In the interior of Germany are mountains, which, while not so very high, are sufficiently difficult of passage to divide the north from the south and to direct the course of development in these two parts along very different lines. Only in the north was there a plain extensive enough to foster the development of a self-contained political unit. Here Prussia arose, and it was Prussia which was destined to become the nucleus of the German Empire.
Prussia was carried to great heights of power and prestige by Frederick the Great, but was temporarily eclipsed through the defeat inflicted by Napoleon. She gained her supremacy in Germany through Austria's secession from the Confederation in 1866 following a war of exemplary brevity. With the support of the other German states she then forced France to assent to the foundation of the new German Reich.

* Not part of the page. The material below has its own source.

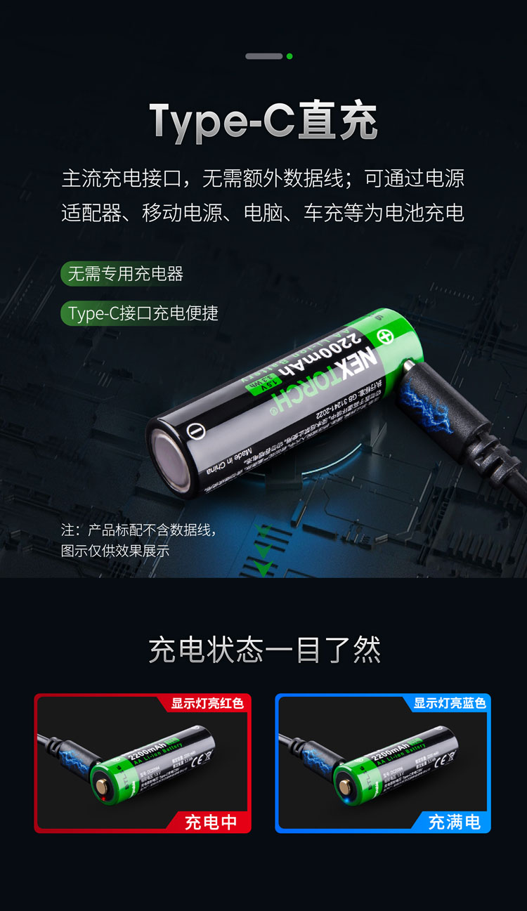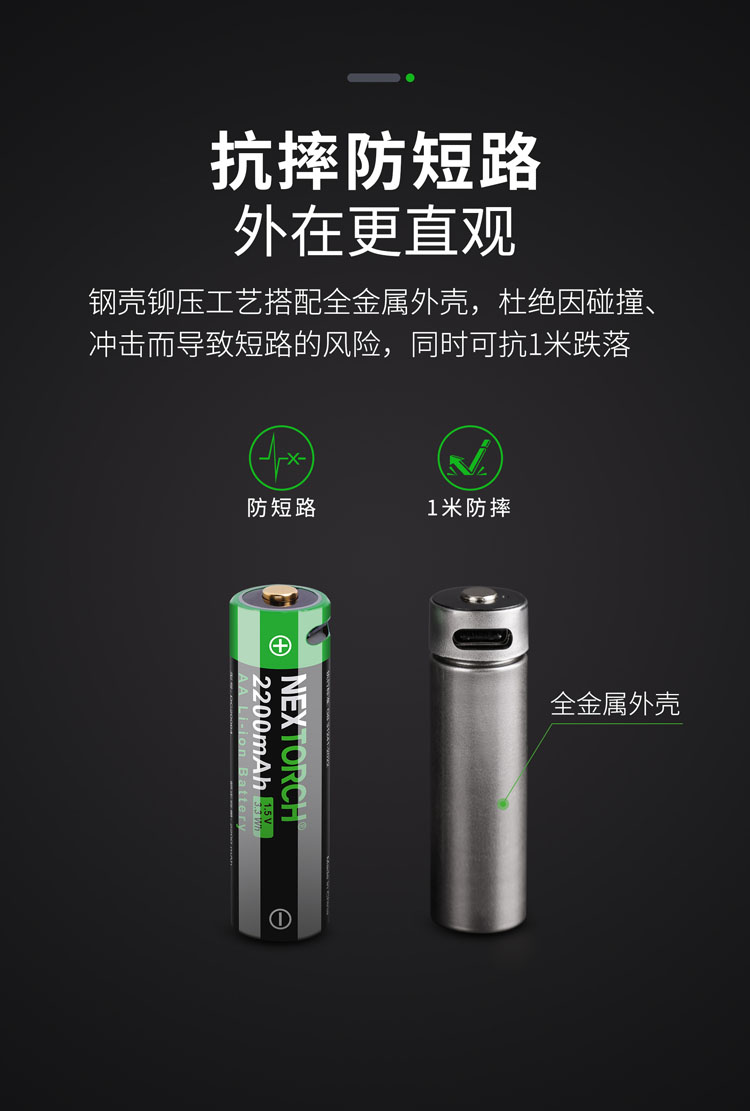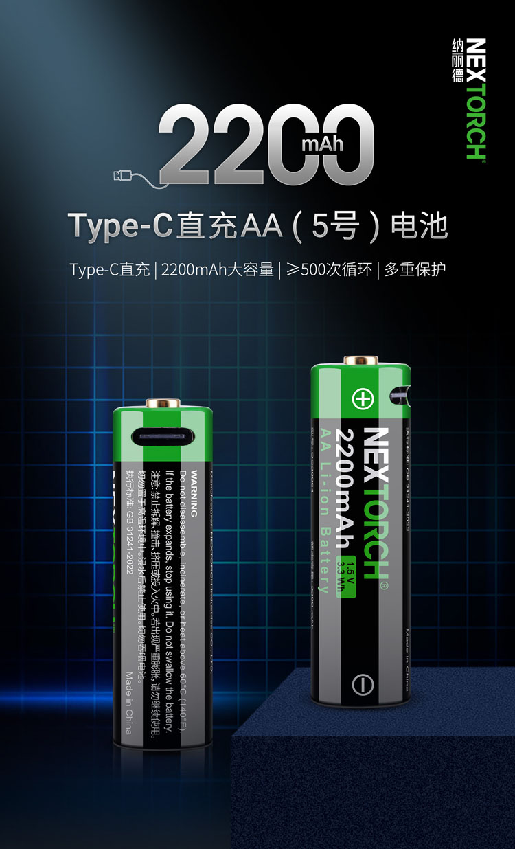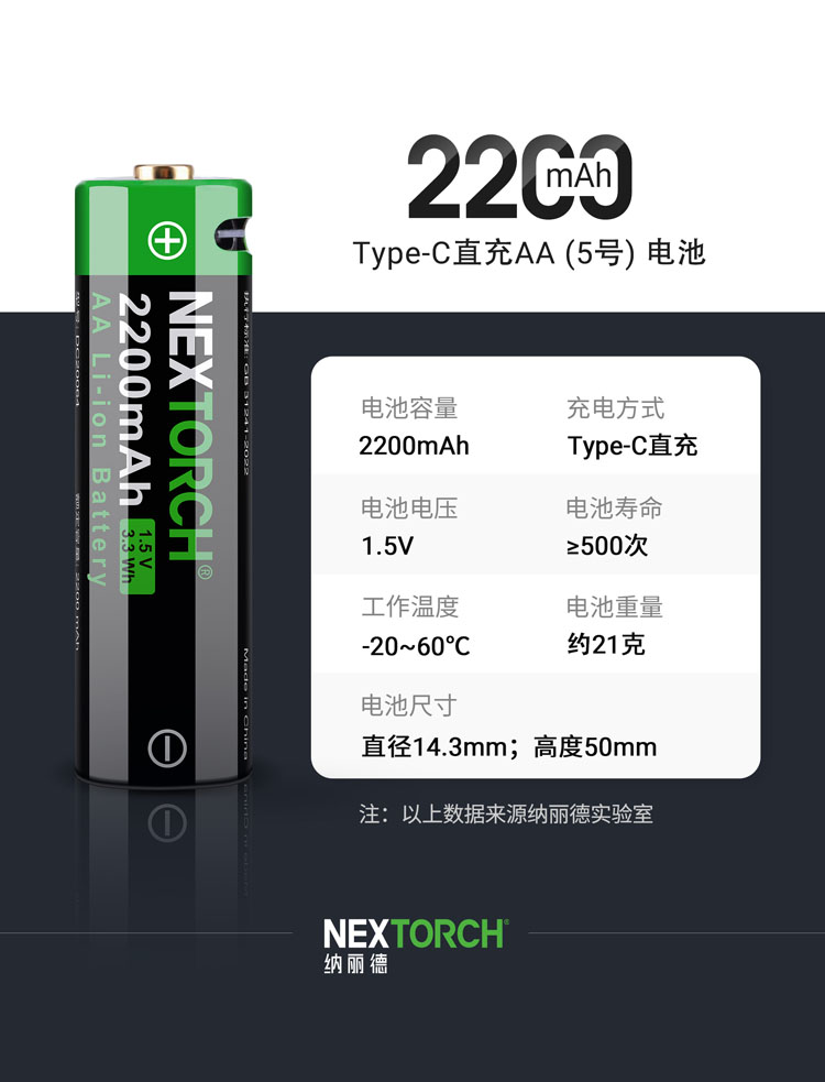 纳丽德 AA5号锂电池Type-C单充2200毫安可循环使用

German history since the end of the Middle Ages has for the most part been tragic. Until 1870 cultural and religious disunion combined with the fact that the country was divided into a bewildering number of minute political entities to lead to frequent and frightful catastrophes. By far the worst of these was the Thirty Years' War, which left Germany depopulated, impoverished and brutalized. Many generations were needed to extricate the country from its misery.
During the whole eighteenth and the first decades of the nineteenth century, Germany furnished the military highroad, the foraging ground and the battlefield for the grandiose contest between the House of Hapsburg and France -- the France of kings, of revolutionary generals, and of Napoleon. These pages of Germany's history are also written in blood and tears. The overthrow of Napoleon terminated the terrible wars of the French Revolution and of the First Empire, which are to be regarded essentially as the continuation of the gigantic struggle between England and France for naval supremacy, as well as of the old rivalry between France and the Hapsburgs. It was left to the Congress of Vienna to effect the reorganization of Europe and of the rest of the world; and notwithstanding all the criticism to which its work has been subjected, one cannot withhold respect for what was achieved by those diplomats of the old school. For to all essential purposes, the conditions established by the Congress of Vienna lasted a century, right down to the World War.
A brief glance at one of those historical charts on which the war periods are tinted red shows what a peaceful century the nineteenth has been: how small the number of wars, as compared with previous centuries, and how short their duration. This largely explains why mankind was able to make such astounding progress during that period, and why the peoples of Europe were able to enjoy such a visible increase in civilization, prosperity and comfort.
The last quarter of the nineteenth century witnessed simultaneously the unification of Germany and the unification of Italy. These developments marked the beginning of radical changes in the European equilibrium, changes which ultimately caused the monstrous coalition war of the years 1914 to 1918.
Germany's complete collapse after her heroic struggle against practically the whole world ended in the Peace of Versailles. There probably are few thoughtful statesmen today who would deny that, among all the peace treaties terminating the great wars of coalition fought during the past three centuries, the Treaty of Versailles was the least satisfactory and the least wise. To transform it into something practicable and supportable is the main task of the present generation. For, conspicuous and deplorable as its defects may be, one must not forget for one moment that the Peace of Versailles, together with its supplementary agreements, now constitutes the basis of public law in Europe, and that its disappearance would be bound to result in a murderous war of all against all.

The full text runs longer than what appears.